**** PROVIDED DATA ****
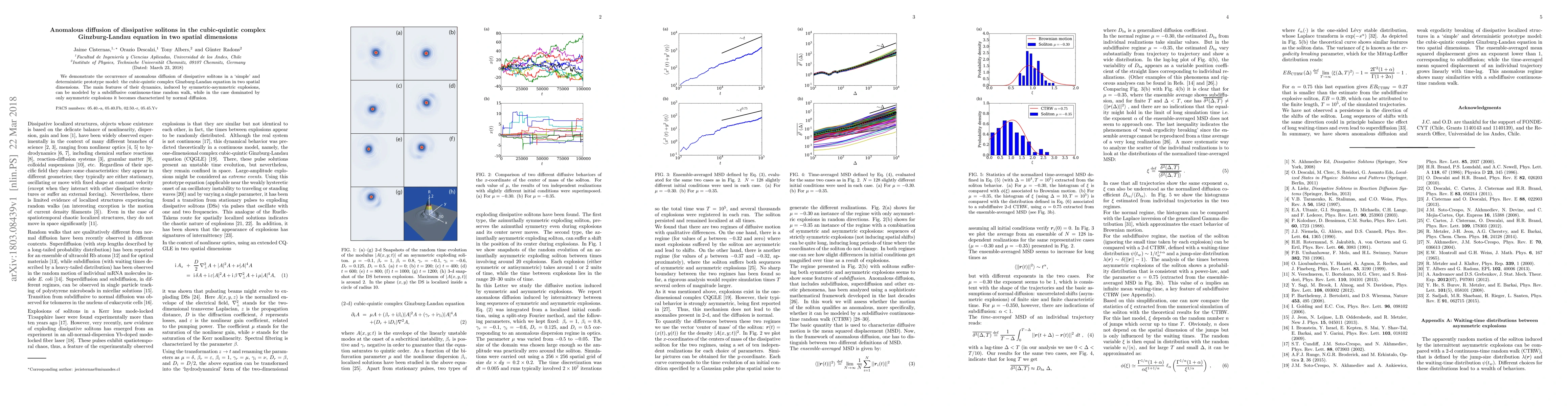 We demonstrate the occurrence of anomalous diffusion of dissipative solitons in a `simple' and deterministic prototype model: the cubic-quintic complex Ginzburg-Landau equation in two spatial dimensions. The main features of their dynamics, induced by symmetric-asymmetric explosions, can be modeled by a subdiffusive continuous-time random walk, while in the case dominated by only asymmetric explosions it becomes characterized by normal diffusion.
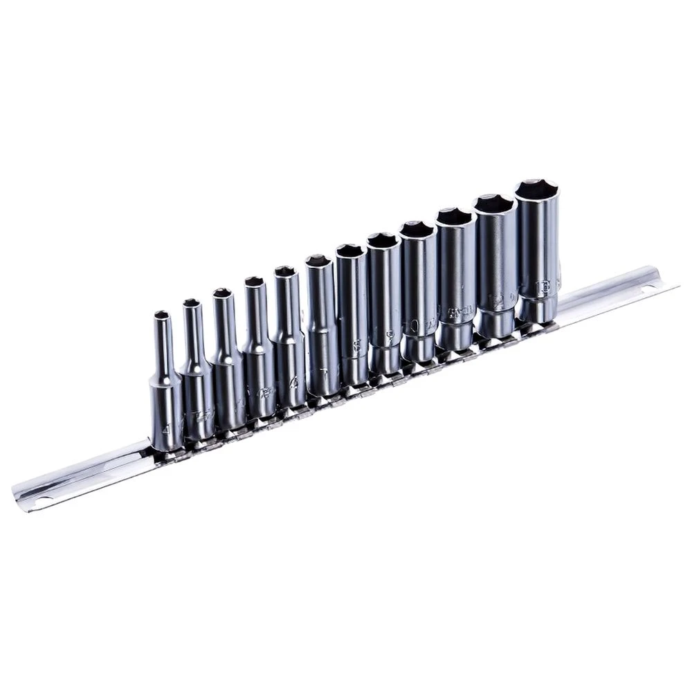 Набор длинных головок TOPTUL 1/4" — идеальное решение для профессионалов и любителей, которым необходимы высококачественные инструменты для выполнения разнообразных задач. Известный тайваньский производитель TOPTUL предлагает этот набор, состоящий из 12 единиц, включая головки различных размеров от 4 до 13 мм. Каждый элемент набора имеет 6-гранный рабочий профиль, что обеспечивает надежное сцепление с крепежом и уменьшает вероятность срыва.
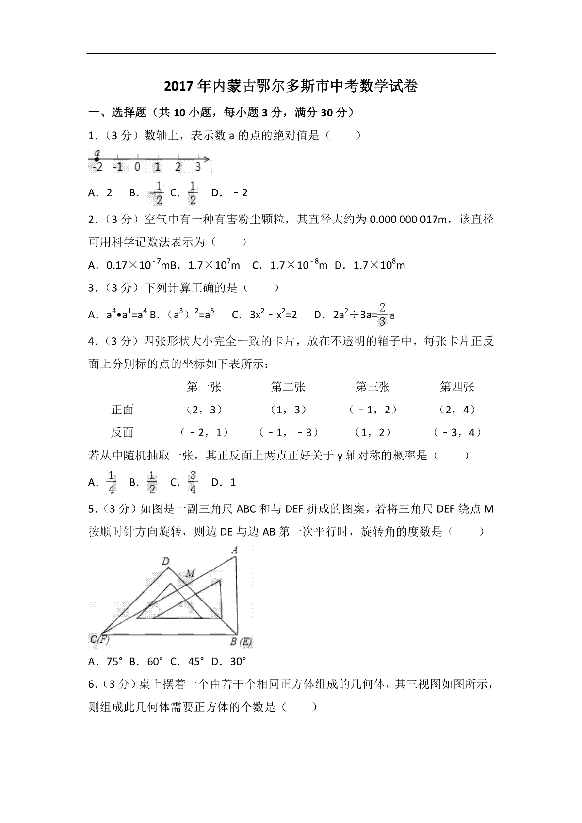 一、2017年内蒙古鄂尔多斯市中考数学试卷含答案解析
****
§ EXERCISE
Return the data above in its exact wording, with none of the pictures.

§ ANSWER BELOW
 We demonstrate the occurrence of anomalous diffusion of dissipative solitons in a `simple' and deterministic prototype model: the cubic-quintic complex Ginzburg-Landau equation in two spatial dimensions. The main features of their dynamics, induced by symmetric-asymmetric explosions, can be modeled by a subdiffusive continuous-time random walk, while in the case dominated by only asymmetric explosions it becomes characterized by normal diffusion.
 Набор длинных головок TOPTUL 1/4" — идеальное решение для профессионалов и любителей, которым необходимы высококачественные инструменты для выполнения разнообразных задач. Известный тайваньский производитель TOPTUL предлагает этот набор, состоящий из 12 единиц, включая головки различных размеров от 4 до 13 мм. Каждый элемент набора имеет 6-гранный рабочий профиль, что обеспечивает надежное сцепление с крепежом и уменьшает вероятность срыва.
 一、2017年内蒙古鄂尔多斯市中考数学试卷含答案解析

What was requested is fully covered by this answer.